Bug 90717

Summary: NFS client reads are slow when using UDP
Product: Red Hat Enterprise Linux 3 Reporter: Lans Carstensen <lans>
Component: kernelAssignee: Steve Dickson <steved>
Status: CLOSED WORKSFORME QA Contact: Brian Brock <bbrock>
Severity: medium Docs Contact:
Priority: medium    
Version: 3.0CC: jepler, jim.laverty, lakamine, mkunjal, petrides, tao
Target Milestone: ---   
Target Release: ---   
Hardware: i686   
OS: Linux   
Whiteboard:
Fixed In Version: Doc Type: Bug Fix
Doc Text:
Story Points: ---
Clone Of: Environment:
Last Closed: 2005-10-05 22:54:19 UTC Type: ---
Regression: --- Mount Type: ---
Documentation: --- CRM:
Verified Versions: Category: ---
oVirt Team: --- RHEL 7.3 requirements from Atomic Host:
Cloudforms Team: --- Target Upstream Version:
Embargoed:
Attachments:
Description Flags
dtest3.cpp for testing many small read/writes over NFS none

Description Lans Carstensen 2003-05-12 20:31:27 UTC
From Bugzilla Helper:
User-Agent: Mozilla/5.0 (X11; U; Linux i686; en-US; rv:1.2.1) Gecko/20030225

Description of problem:
NFS read performance is 50-75% slower on Red Hat 9 when utilizing UDP instead of
TCP.  Write performance remains high regardless of the configuration.

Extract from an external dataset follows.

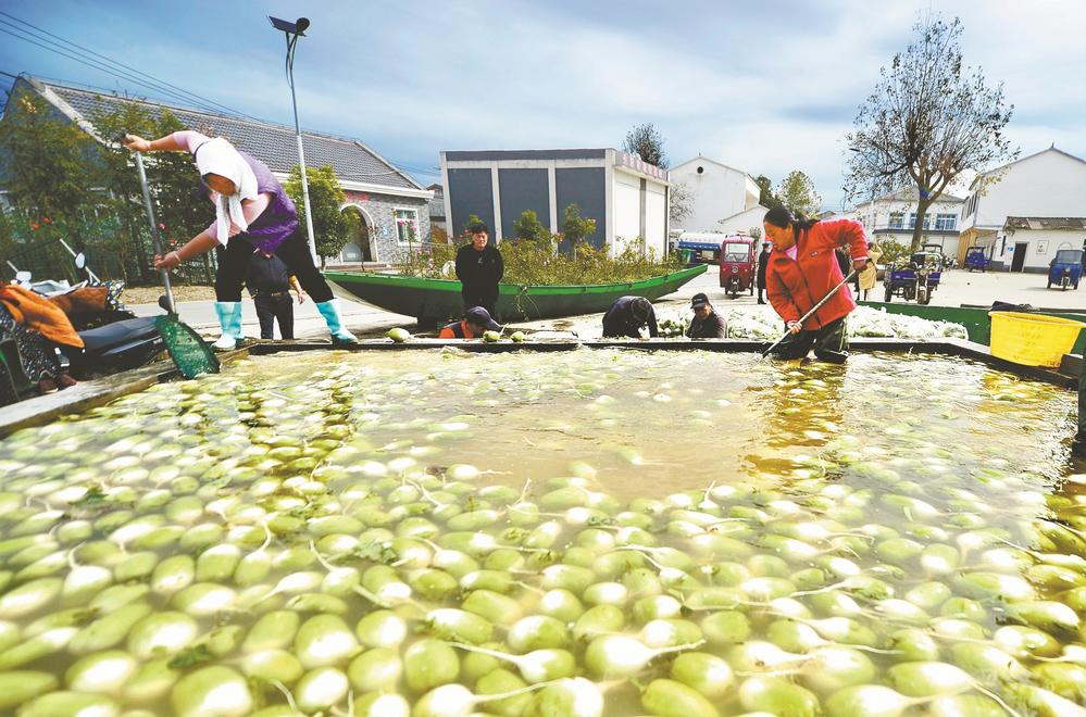 11月11日,农户在老河口王府洲供港果蔬基地清洗蔬菜。王府洲有晨光、八一、太山、甫洲四个村,近三分之一的村民世代以打鱼为生。汉江襄阳段实施“十年禁渔”后,王府洲渔民积极响应号召“洗脚”上岸,通过蔬菜种植、发展苗圃等,全部成功转产转业,从业人员平均月增收2000余元。

BTW, I'm pleased that Red Hat is shipping w/ ttcp.  The next thing I'd like to
see added would be the GPL'ed lmbench tools.  The test case below uses "lmdd".

Version-Release number of selected component (if applicable):
2.4.20-9smp

How reproducible:
Always

Steps to Reproduce:
1. Download and build lmbench 2.0.4 from ftp://ftp.bitmover.com/lmbench/
2. Mount an NFS filesystem with "-o nfsvers=3,udp"
3. Generate a file on the NFS filesystem with lmdd to baseline write
performance: lmdd of=/mnt/tmp/file fsync=y count=8192 bs=32k
4. Unmount, then re-mount the NFS filesystem w/ the same options.
5. Do a read performance test:  lmdd if=/mnt/tmp/file count=8192 bs=32k

I'm using a gigabit-attached Network Appliance F960 filer as my NFS server.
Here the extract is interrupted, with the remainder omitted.